Once you reach the line containing "Leaving Tallulah, near Tallulah, LA" in the entries below, write out that line and each one after it down to the line containing "real and effective.", exactly and with nothing added.
Segment Start: INPUT DATA
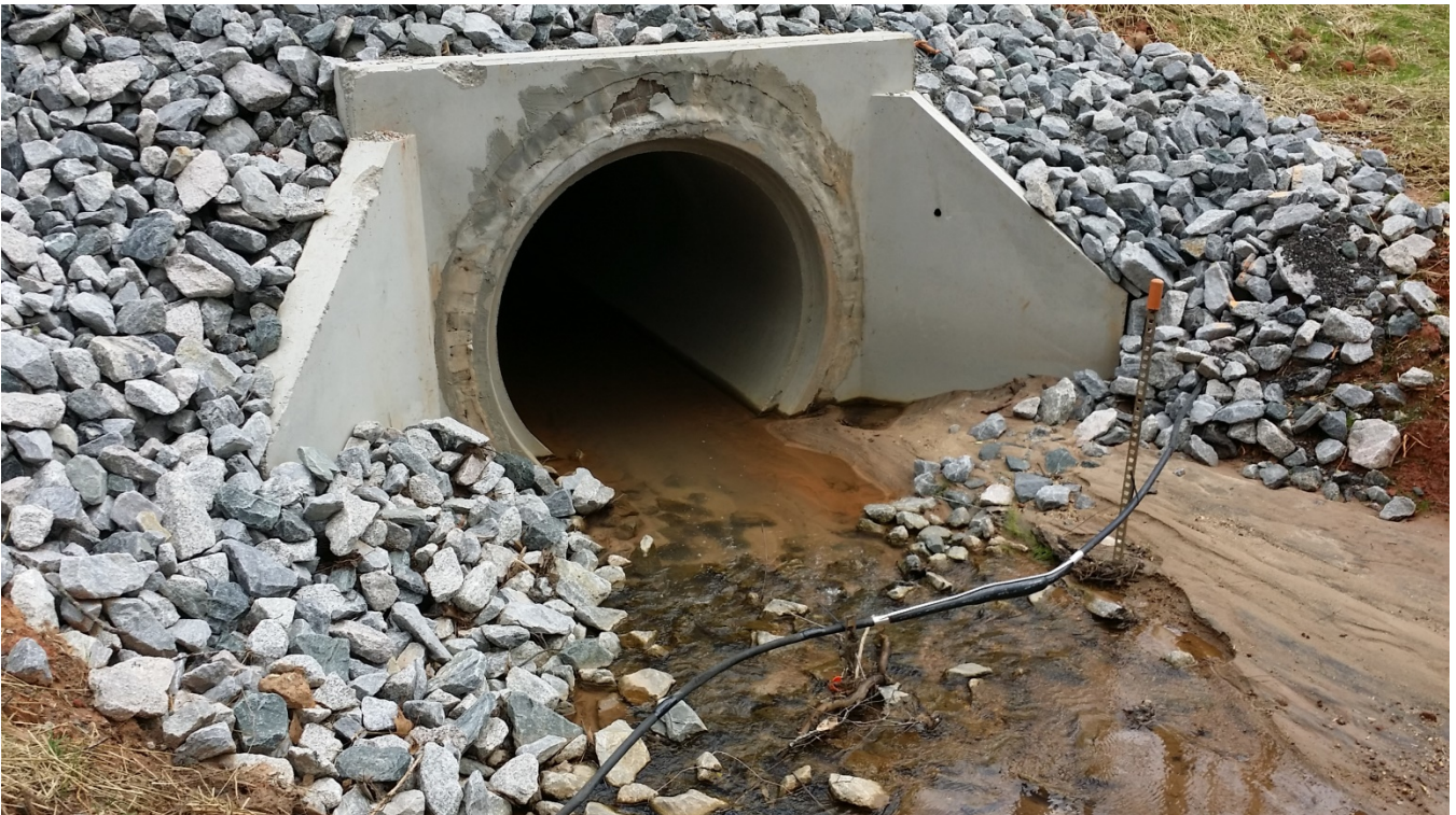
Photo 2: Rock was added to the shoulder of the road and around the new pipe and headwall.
Segment End: INPUT DATA
Segment Start: INPUT DATA
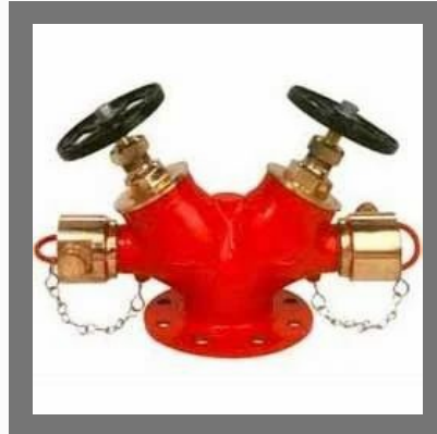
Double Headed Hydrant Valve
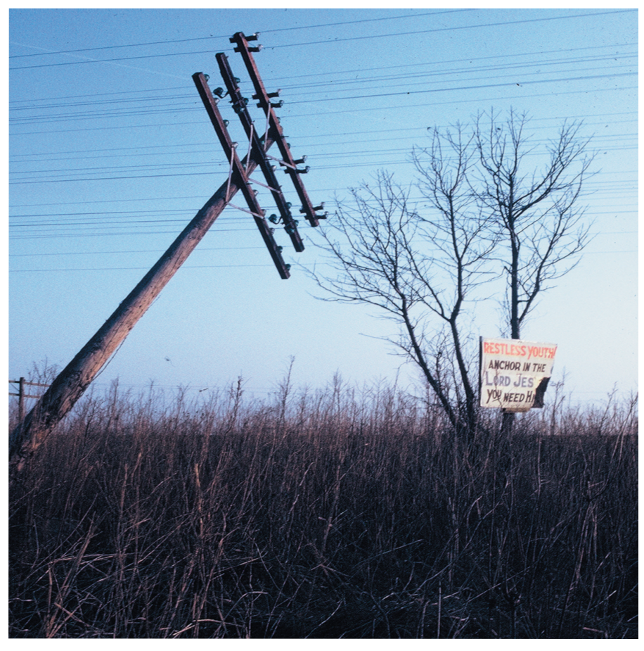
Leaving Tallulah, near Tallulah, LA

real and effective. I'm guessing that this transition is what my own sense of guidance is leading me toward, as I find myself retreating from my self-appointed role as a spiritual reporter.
Segment End: INPUT DATA
- [ANSWER AREA]:
Leaving Tallulah, near Tallulah, LA

real and effective. I'm guessing that this transition is what my own sense of guidance is leading me toward, as I find myself retreating from my self-appointed role as a spiritual reporter.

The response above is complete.